### REQUIRED ACTION
Each line below from the "Deze 5-delige eetkamerset" line through the "Продаются 2-комнатные апартаменты" line, those two included, must be restated word for word; the pictures must not be.
= = =
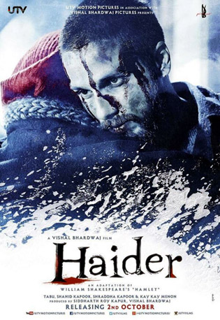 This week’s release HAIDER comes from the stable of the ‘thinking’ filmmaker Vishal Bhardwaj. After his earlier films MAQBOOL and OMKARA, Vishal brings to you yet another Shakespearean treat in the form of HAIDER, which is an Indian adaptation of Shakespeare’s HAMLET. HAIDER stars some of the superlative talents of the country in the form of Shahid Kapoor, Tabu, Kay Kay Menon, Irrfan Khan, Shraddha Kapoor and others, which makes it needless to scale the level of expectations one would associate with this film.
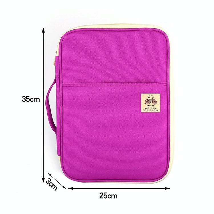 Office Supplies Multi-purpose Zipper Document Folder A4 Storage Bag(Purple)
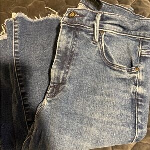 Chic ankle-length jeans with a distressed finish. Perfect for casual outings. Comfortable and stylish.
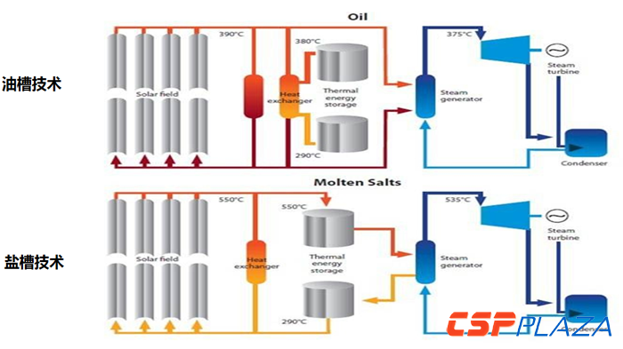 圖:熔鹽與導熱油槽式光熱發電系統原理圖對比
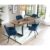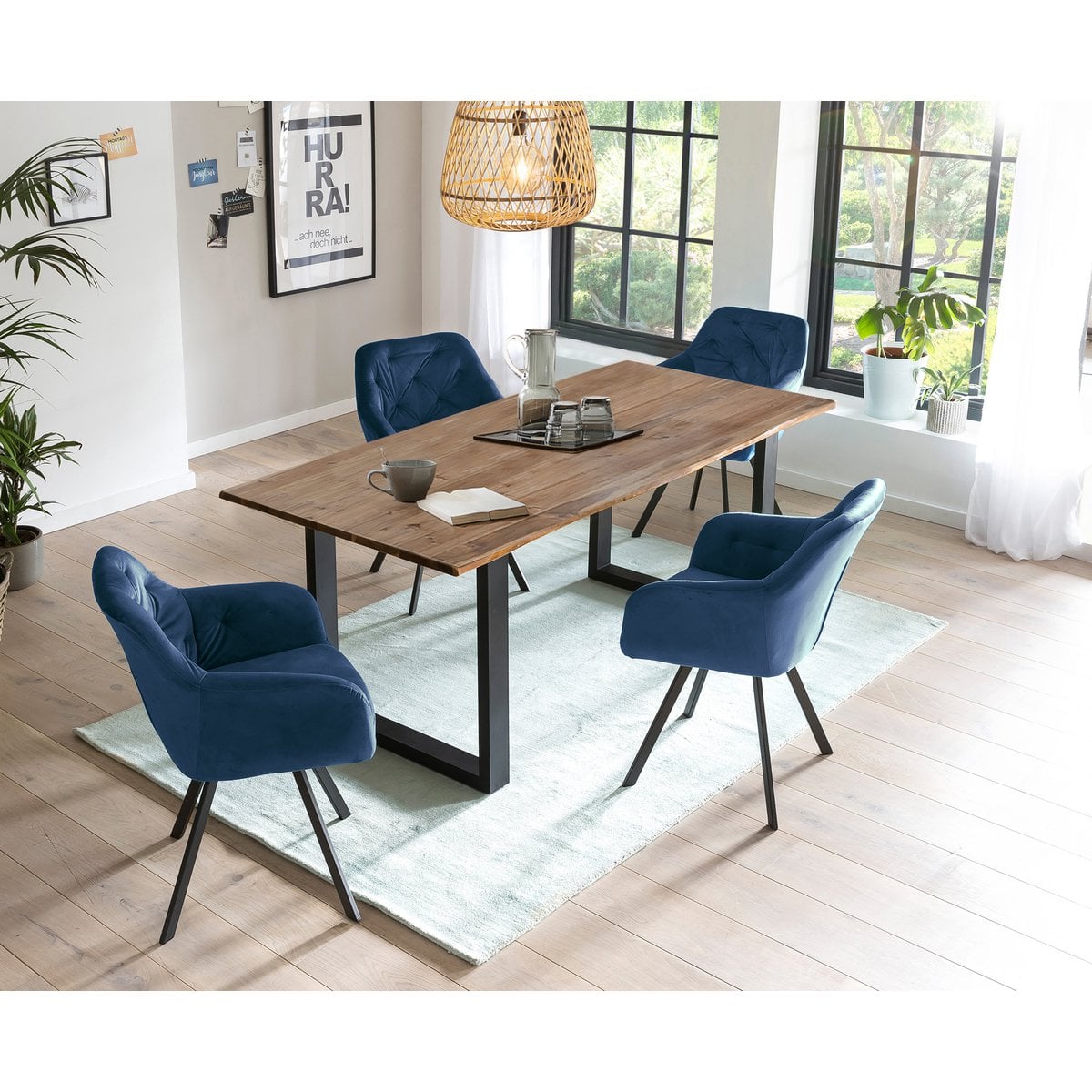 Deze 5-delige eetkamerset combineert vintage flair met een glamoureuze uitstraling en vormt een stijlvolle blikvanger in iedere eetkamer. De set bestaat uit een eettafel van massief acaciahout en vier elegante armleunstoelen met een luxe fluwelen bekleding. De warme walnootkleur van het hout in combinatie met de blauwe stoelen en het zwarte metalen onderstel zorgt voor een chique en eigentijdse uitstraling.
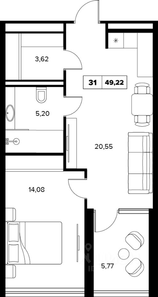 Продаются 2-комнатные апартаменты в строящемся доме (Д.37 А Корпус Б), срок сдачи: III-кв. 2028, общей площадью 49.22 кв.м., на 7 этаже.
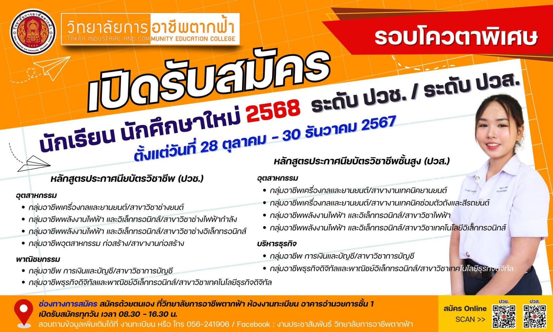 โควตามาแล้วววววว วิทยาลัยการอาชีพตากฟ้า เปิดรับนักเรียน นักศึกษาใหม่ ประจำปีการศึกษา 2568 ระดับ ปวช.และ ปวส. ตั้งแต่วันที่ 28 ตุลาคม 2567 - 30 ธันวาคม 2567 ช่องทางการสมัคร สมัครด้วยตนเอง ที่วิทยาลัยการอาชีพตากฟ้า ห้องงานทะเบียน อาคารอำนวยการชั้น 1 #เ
= = =
### RESULT OF THIS EXERCISE
 Deze 5-delige eetkamerset combineert vintage flair met een glamoureuze uitstraling en vormt een stijlvolle blikvanger in iedere eetkamer. De set bestaat uit een eettafel van massief acaciahout en vier elegante armleunstoelen met een luxe fluwelen bekleding. De warme walnootkleur van het hout in combinatie met de blauwe stoelen en het zwarte metalen onderstel zorgt voor een chique en eigentijdse uitstraling.
 Продаются 2-комнатные апартаменты в строящемся доме (Д.37 А Корпус Б), срок сдачи: III-кв. 2028, общей площадью 49.22 кв.м., на 7 этаже.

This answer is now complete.